Photography by Brian Moody
In April 1999, three-year-old Isabel Maude suffered multiple organ failure and cardiac arrest as a result of doctors failing to recognise the life-threatening symptoms of Necrotising Fasciitis, a bacteria that rapidly eats the flesh. Isabel survived, but was left with a large wound requiring extensive plastic surgery.
Her parents, Charlotte and Jason Maude, decided not to sue the NHS over her treatment. Instead, working with the paediatric consultant who helped save Isabel’s life, they have developed an online diagnosis tool to help doctors and nurses accurately diagnose illnesses in children. The system, developed by The Isabel Medical Charity, uses pattern recognition software to search for information in paediatric textbooks.
On day three of chicken pox Isabel developed a high fever and became very listless. We took her to our GP who said it was just a symptom of chicken pox. But that evening Isabel developed a purplish swelling around her tummy. This time we went to casualty where a very young doctor assured us it was nothing to be alarmed about.
The next day she started vomiting blood. We rang our GP who told us to ring A&E, but A&E just told us she was dehydrated. They thought we were just anxious parents panicking over our first experience of chicken pox. In the end we were so desperate we walked into casualty with Isabel practically dead in our arms. Even then, when the nurse couldn’t get a blood pressure reading, she blamed it on a broken instrument.
It was only when Isabel collapsed with delirium that people took notice. Immediately she was rushed away in an ambulance to St Mary’s Paddington. That evening we were told she was displaying the potentially fatal symptoms of Toxic Shock Syndrome and Necrotising Fasciitis, also known as ‘the flesh-eating bug’. It has a 60% mortality rate and the only way you can stop it is to cut away the infected flesh. In the surgery that followed Isabel had extensive areas of flesh around her tummy cut away.
We were in a state of shock, but you cope by dealing with each stage as it comes. On a couple of occasions we were told we would probably lose her, and if we didn’t that she’d definitely be brain damaged. At one point she had a heart attack and they lost her pulse for half an hour.
And then, miraculously, she started to recover. The doctors couldn’t believe it. Once we knew she was going to live, a consultant intimated that we had been very badly treated by the other hospital. At the same time a lot of friends were urging us to sue; they said we could accumulate a pot of money in the bank for when Isabel was 18.
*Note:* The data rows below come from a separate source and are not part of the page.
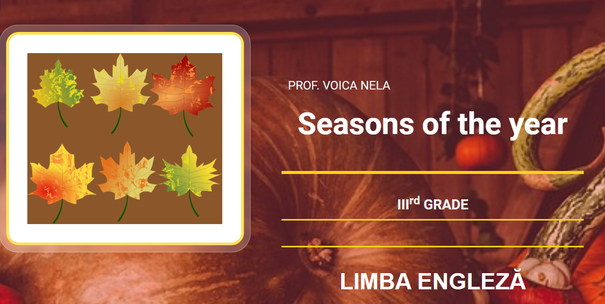 Resursa este un proiect realizat in Livresq, vizează consolidarea vocabularului legat de anotimpuri – pentru începători – și include un text de citit, un video, un cântec și chestionare pentru verificarea însușirii cunosștintelor / a competențelor de speaking, reading, writing și listening.
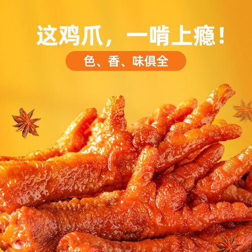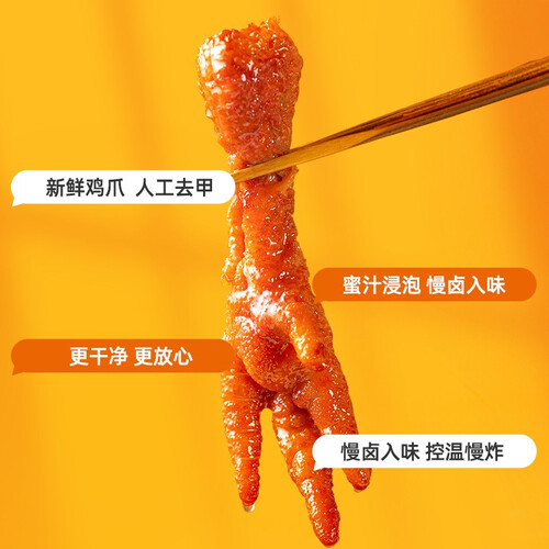 选用白羽鲜鸡爪材质,个大肉多,具有香辣爽口特点,入口好滋味。经过人工剪甲,更加干净卫生,让您可以放心食用。
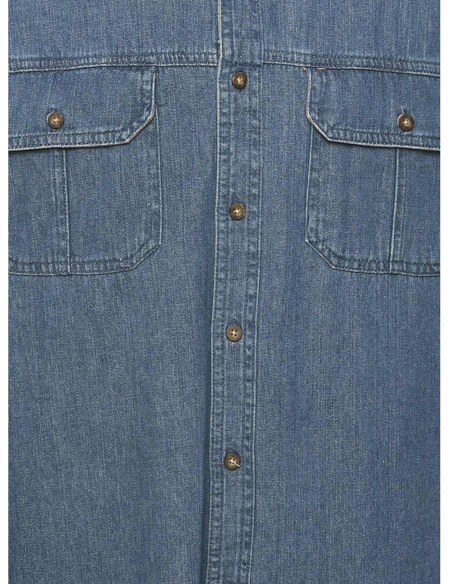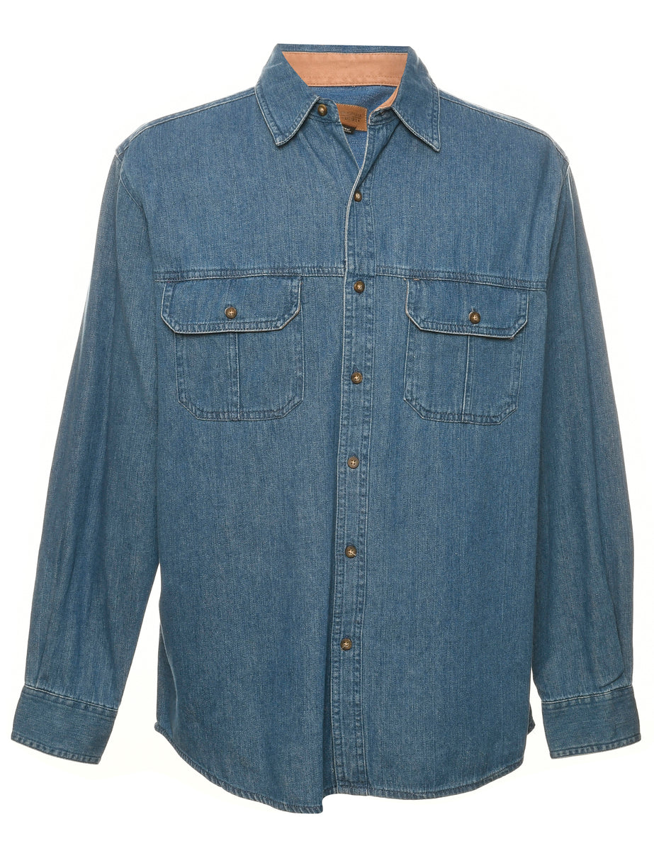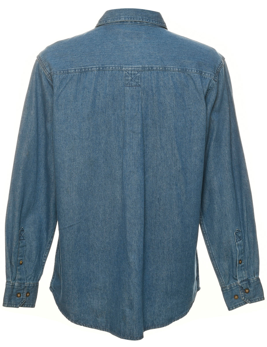Long sleeved denim shirt comes in medium wash with a classic collar and pockets.
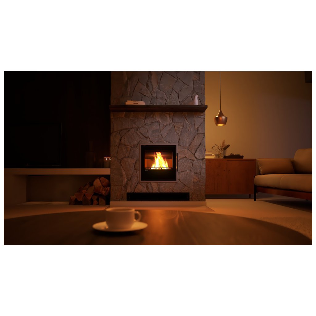 Revoluční řešení spalovací komory nabízí nepřekonatelný zážitek z ohně. Dřevo hoří po celé ploše dna, díky systému bezroštového spalování a systému kanálků na přívod vzduchu. Výsledkem je minimální spotřeba paliva. Pohled do ohně jsme povýšili na novou úroveň.
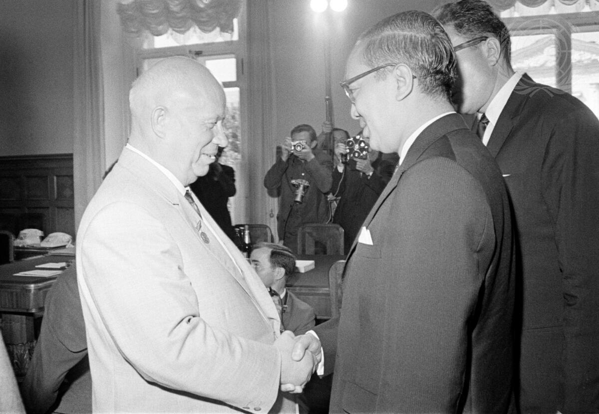 Secretary-General U THANT (right) is seen being greeted by Chairman Khrushchev, as he arrived at the Kremlin.
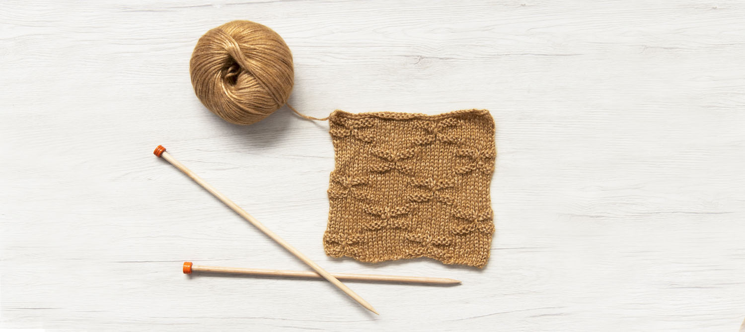 Rombi, nodini, una crostata dall'alto. Potete vederci quello che volete nel punto barrette pizzicate ai ferri. Ci piace perché il pattern è piuttosto semplice da realizzare e l'effetto finale è molto carino. Perfetto per una maglia o anche per una coperta. Il filato scelto è Hokusai, nel color Zafferano.
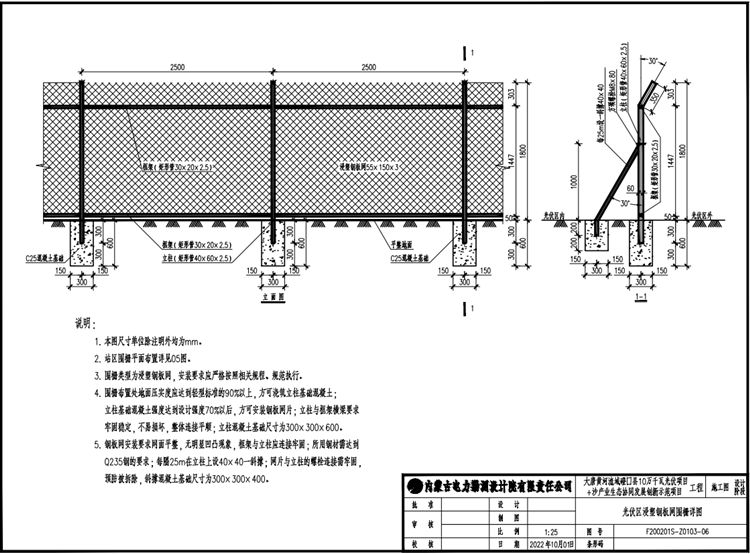 4.光伏电站隔离栏布置处地面压实度应达到轻型标准的90%以上,方可浇筑立柱基础混凝土;立柱基础混凝土强度达到设计强度70%以后,方可安装钢板网片;立柱与框架横梁要求牢固稳定,不易损坏,整体连接平顺;立柱混凝士基础尺寸为300x300x600。
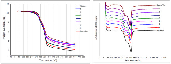 Further degradation occurred between 275 and ~310 °C (depending on the impregnated polymer), corresponding mostly to the degradation of some wood components and part of the impregnated polymer (Figure 2). Similar to the untreated wood, the highest mass loss rate occurred between ~375 and 492 °C, whereby both the wood components and the impregnated polymers decreased considerably due to thermal degradation of the remaining polymer and carbonization. Since the thermal stability of the impregnated furanic or tannin-furfuryl alcohol polymer was higher than that of the untreated wood, all modified woods, according to their obtained average WPG, demonstrated greater thermal stability than the untreated woods (Table 4). As previously explained, the addition of tannins, which have high thermal stability due to their aromatic structures, contributes to the higher thermal stability of the tannin-furfuryl alcohol modified wood when compared to the untreated wood. For the impregnated furanic polymer, the effect of the wood component modification (e.g., modification of lignin) was the main reason for the thermal stability improvement of the modified wood when compared to the untreated wood.
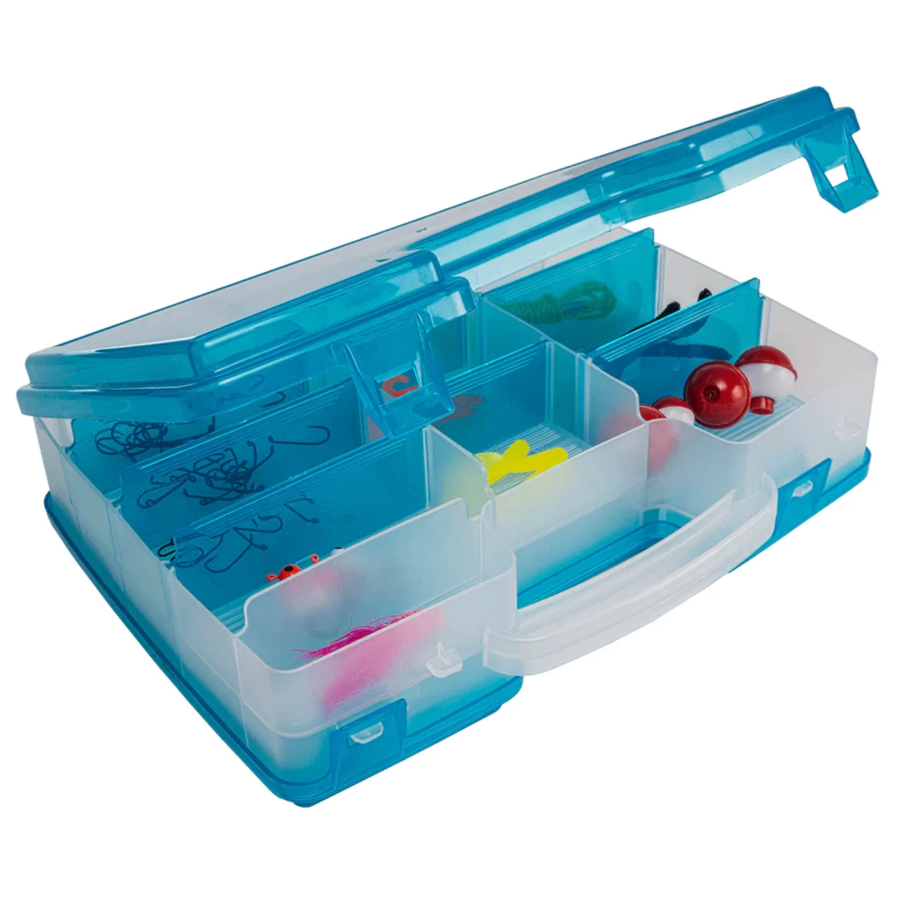 The newest addition to the Let’s Fish line, this double-sided case features modern, bright colors. The included 70-piece tackle kit is easily visible through the clear lids for easy, fast access. Great for young anglers!
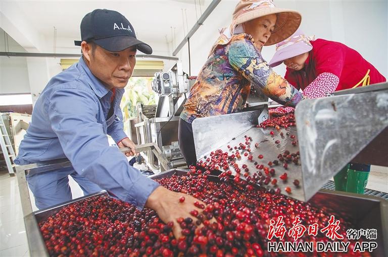 在万宁兴隆的中国热科院香饮所万宁高龙基地,工人正在加工咖啡果。 海南日报记者 袁琛 摄
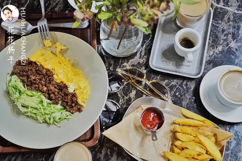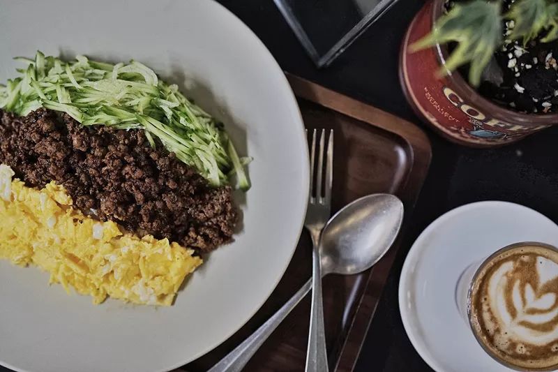 刘先生店里的咖啡都是常见的咖啡,意式咖啡、美式浓缩、卡布奇诺、澳白、拿铁都能在店里喝的到,在这间新店里,还能吃的到些许的简餐。
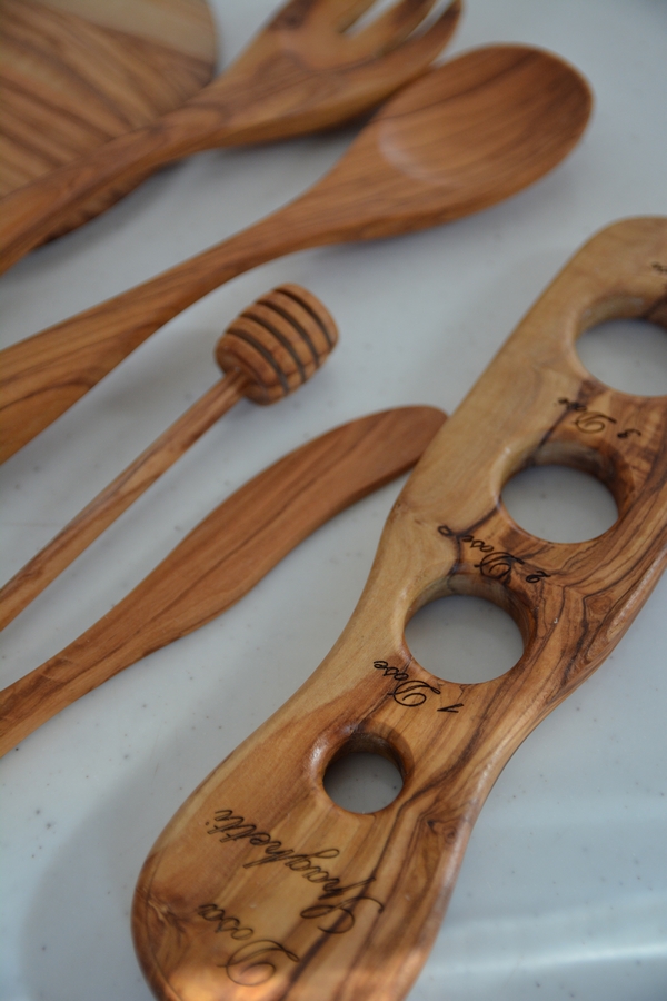 5種類のオリーブウッドのキッチン用品を使っています。
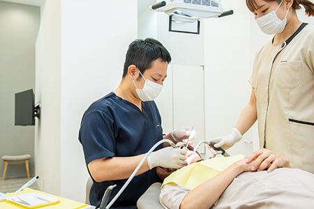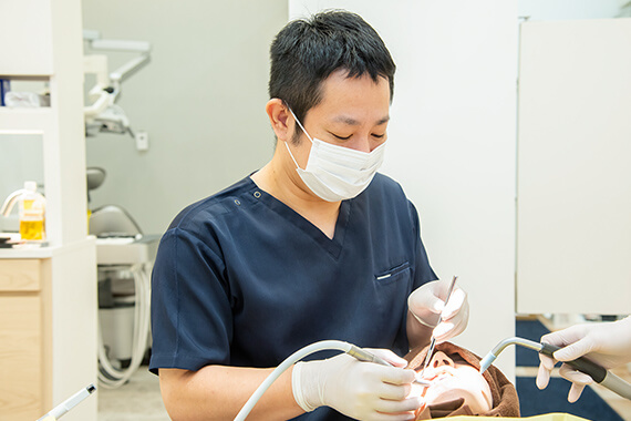 一般歯科では、むし歯や歯周病などに対応した治療を行っております。患者さまが抱える歯やお口のお悩みは、人それぞれ違います。当院では患者さまのお話を丁寧にお伺いしたうえで、その患者さまのお悩みに応じた適切な治療をご提供しております。歯の痛みや出血など、どんなささいな症状でもかまいません。お気軽にご相談ください。
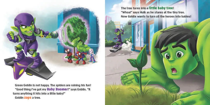 Hulk is one big baby! It's up to Spidey to get him back to old self in this exciting storybook.
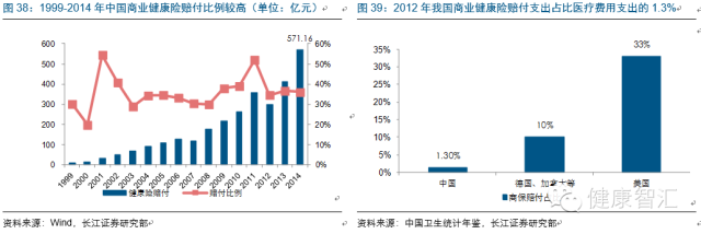 因此,我國商業(yè)健康險(xiǎn)一直是平穩(wěn)增長,未能迎來真正的爆發(fā),較之美國等發(fā)達(dá)國家,我國健康險(xiǎn)在醫(yī)療衛(wèi)生費(fèi)用總支出中面臨十倍以上增長空間,且我國商業(yè)健康險(xiǎn)歷年平均賠付比例接近50%(60%是一般性盈虧平衡線),這還主要是針對健康人群市場,倘若商業(yè)保險(xiǎn)公司未來針對患病人群,極有可能面臨嚴(yán)重虧損。
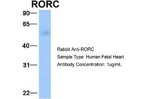 - This is a rabbit polyclonal antibody against RORC. It was validated on Western Blot using a cell lysate as a positive control.
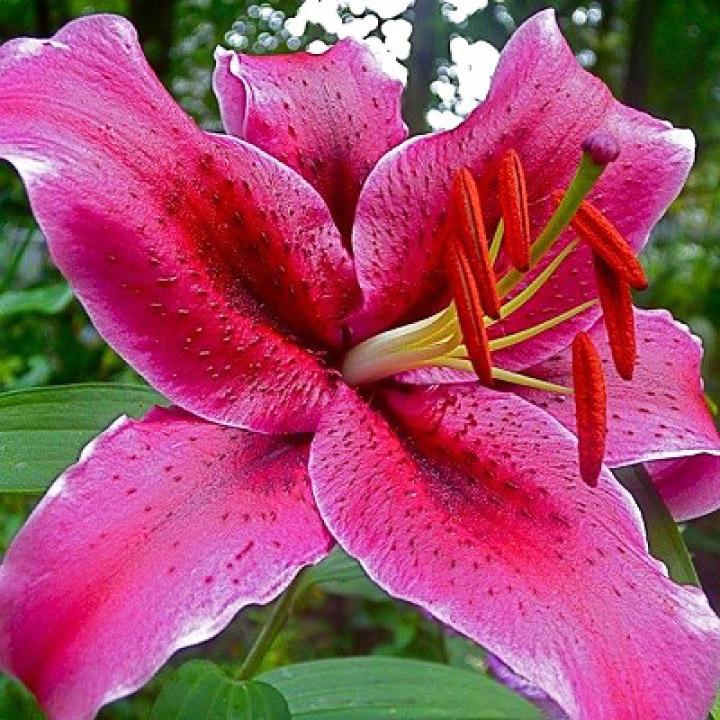 Саженцы и рассада Лилия восточная Барракуда (Lilium oriental Barracuda) украсят сад цветами во второй половине июня, июле. Высота стебля до 90 см, зелень спокойная матовая. Растение отличается необычной формой и окраской цветка. Очень крупные, до 22 см в диаметре, цветки имеют всего 6 лепестков. Форма лепестка широкая у основания с зауженными концами, края волнистые, слегка загнутые от центра. Цвет насыщенный яркий пурпурно-розовый с желтовато-белой окантовкой края. Весь лепесток покрыт темно-красными точками крапа и до середины мелкими выростами-сосочками совпадающими по цвету.
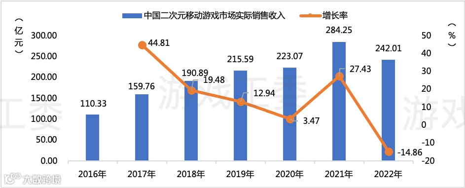 2022年,中国二次元移动游戏市场实际销售收入为242.01亿元,同比下降14.86%。下降主要原因是缺乏现象级新品游戏。
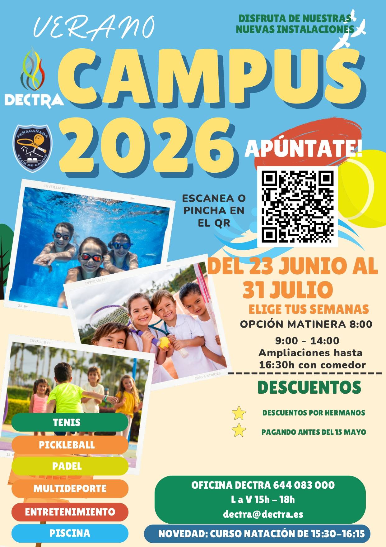📅 Del 23 de junio al 31 de julio, podrán practicar tenis, pádel, pickleball, multideporte y actividades de entretenimiento, además de disfrutar de la piscina. Como novedad, este año también se incorpora un curso de natación en horario de tarde.
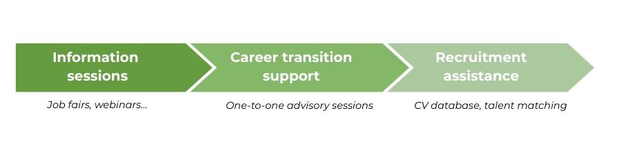 - Organize group information sessions to present candidates with specialized “digital sector” services
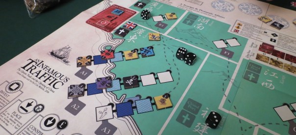 Yet for all their similarities, there are crucial differences between them. And more than differences, divergent focuses that cohere to make a single statement. In a sense both games are strengthened through a paratextual reading: An Infamous Traffic says one thing, John Company says another, but when placed in parallel they speak together to form a statement that’s more than the sum of their (already quite coherent) parts. One might say they harmonize into a single board gaming diptych.
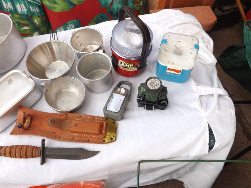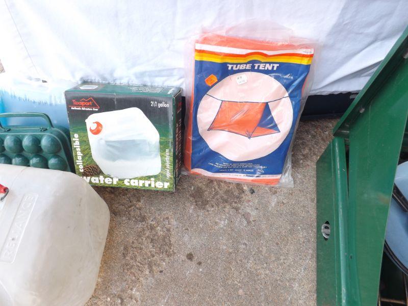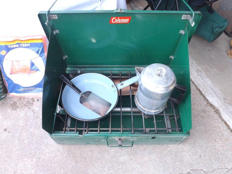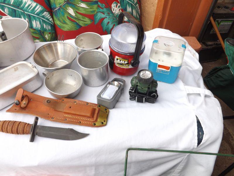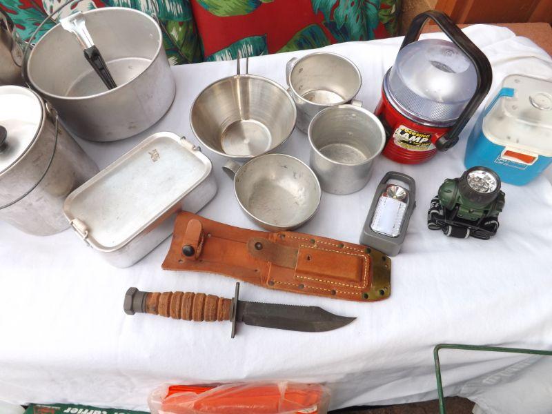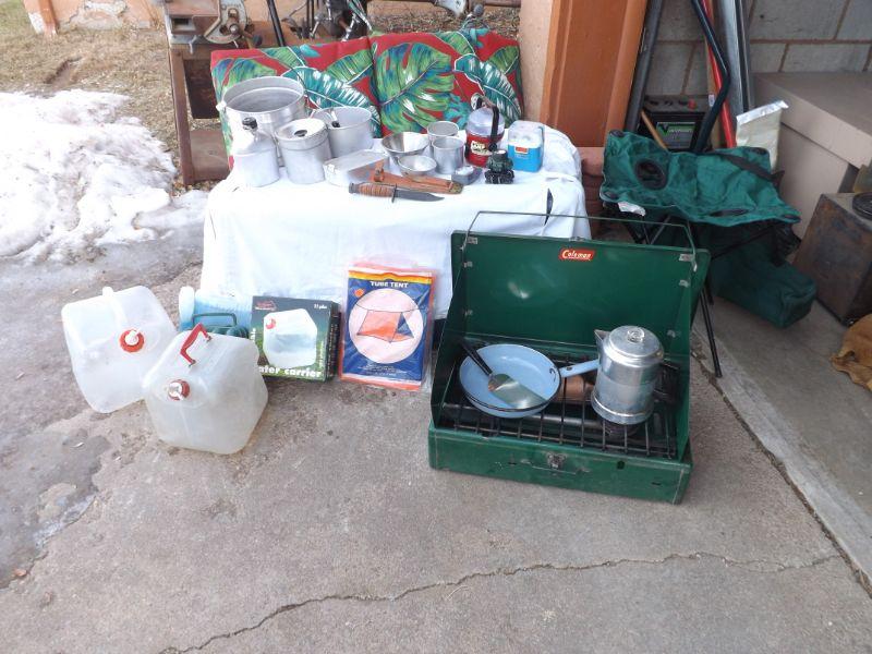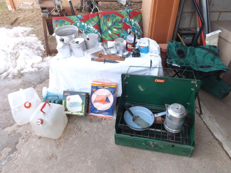 LARGE LOT OF CAMPING ITEMS, COLEMAN STOVE, COFFEE POT, FRYING PAN, ASSORTMENT OF OTHER POTS & PANS, WATER JUGS, TENT, KNIFE WITH SHEATH, FOLD UP NYLON CAMP TABLE / SEAT, FLASHLIGHTS, AND MORE

But it didn’t feel right. We live in a blame culture where people now assume that if anything goes wrong you should sue. Yes, Isabel would have a rough time because of her surgery and subsequent deformity, but money wasn’t going to help. By suing we would only have succeeded in putting doctors off medicine. It seemed somehow vindictive. We have forgiven the doctors for not spotting the potentially fatal symptoms. These newly qualified young doctors just don’t have the experience to diagnose fatally sick children.
The doctors who have donated their time to help get ISABEL up and running have all said the fact that we didn’t sue the NHS made them sit up and think. To blame doctors for what had happened to our daughter would have achieved nothing. The creation of ISABEL, on the other hand, could help to save children’s lives. The beauty of ISABEL is that in gives non-specialists the ability to become specialist consultants. We never dreamt it would become this big this fast.
Some people have asked would we have sued if Isabel had died, and it’s hard to know the answer to that one. But I don’t think so. I hope not, anyway.